We have reserved SA19873 for the vulnerability. Please let us know when
you expect to issue an updated version and keep us updated on your
Created attachment 226776 [details]
In a debug build I crash (so far) in nsGlobalWindow::RunTimeout or nsGlobalWindow::SuspendTimeouts, in both cases iterating over mTimeouts when it hits a pointer to a deleted (0xdddddddd on windows) nsTimeout.
I can *easily* reproduce this on both Win32 and Linux in builds that do *not* have the fix for bug 320982, but in builds with that fix I have not yet been able to reproduce this yet. Dan, and others, did you see this crash with builds from later than the 16th this month when the fix for bug 320982 got checked in?

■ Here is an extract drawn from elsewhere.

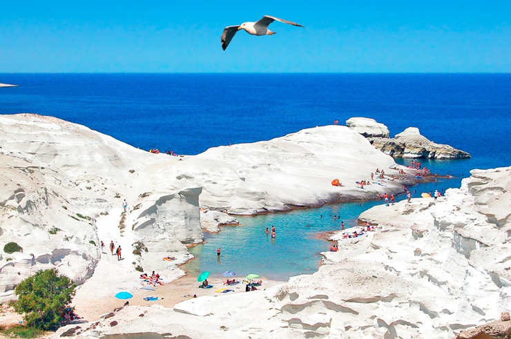 Если Красный пляж на Марсе, то Саракинико (Sarakiniko) – на Луне! Ослепительный пляж на острове Милос сформирован из выгоревшего на солнце белого известняка, а над его невероятными изгибами и бухтами трудились скульпторы: ветер и волны. Несложно понять, почему Саракинико – главный фаворит среди мест для отдыха у местных жителей.

Same here, once I updated my 1.8 tree with the patch for bug 320982 I could no longer reproduce this. Yay!
Allright, marking WORKSFORME as this doesn't appear to be a problem in builds containing the fix for bug 320982.
Sorry for reopening, but I'd rather not have a critical security bug "WFM" when we know a specific patch for it.

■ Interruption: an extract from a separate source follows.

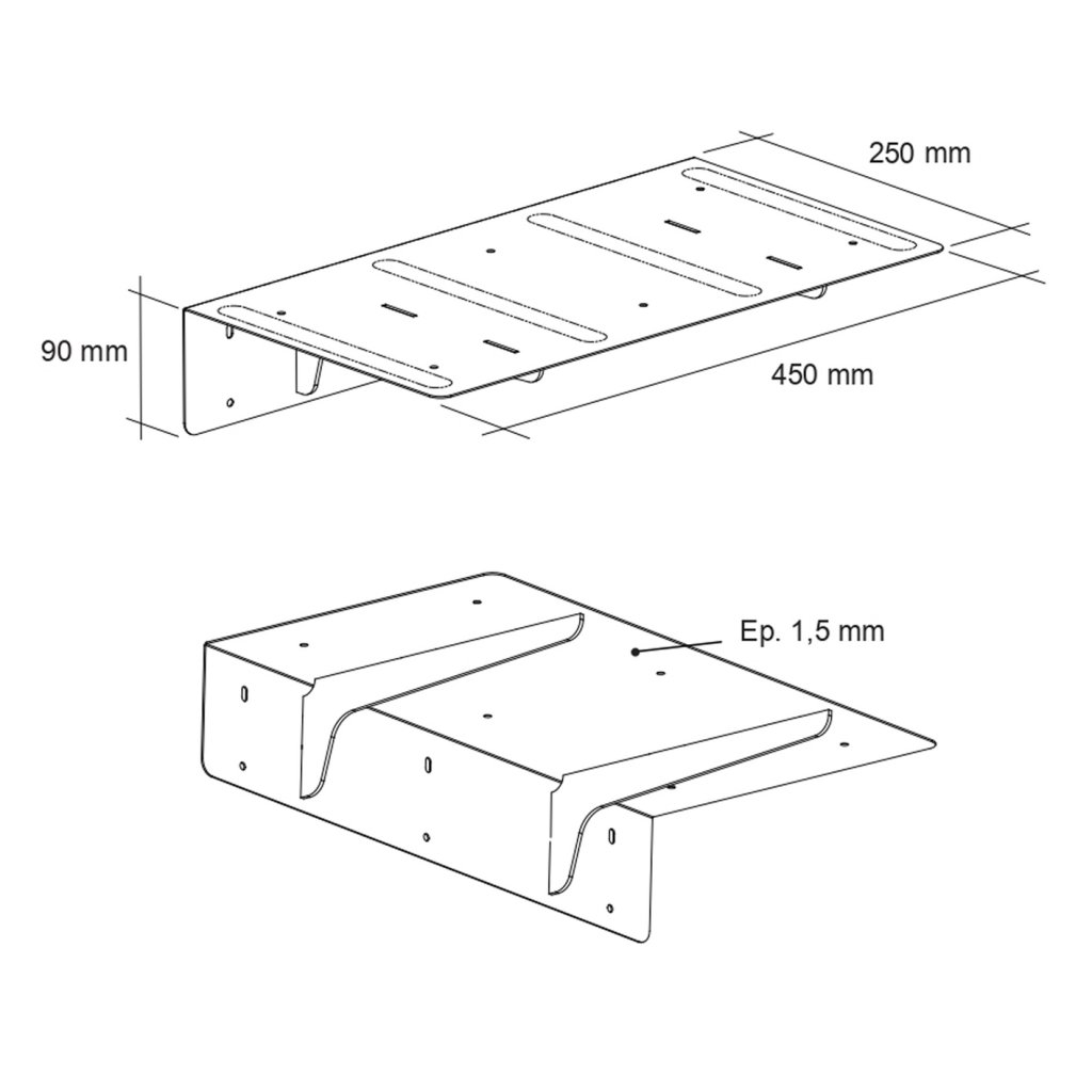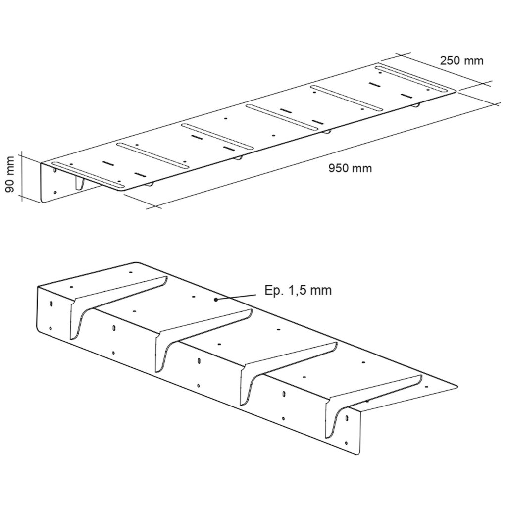 Existe en Inox brossé (AISI304) ou en acier laqué Noir mat (RAL9005) et en deux largeur 450mm et 950mm.
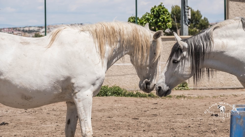 Once home, we nursed her back to full physical health as best we could – Bella has massive melanomas all over her backside as well as her mouth. Melanomas like this stay dormant and then erupt every now and then, growing again and then settling down again. We have several older grey horses like this here. It’s very common in Spain; our equine vet tells us it’s something to do with the genetics here. Horses like this obviously cannot be ridden as it would just aggravate things.

*** This bug has been marked as a duplicate of 320982 ***
Actually "duplicate" will mess up tracking of security exploits, too.
I applied Olli's 1.8.0-branch patch from Bug 320982 and verified that it fixes this bug.
v.fixed on 1.8.0 branch with Mozilla/5.0 (Macintosh; U; Intel Mac OS X; en-US;
rv:220.127.116.11) Gecko/20060626 Firefox/18.104.22.168, no crash with PoC.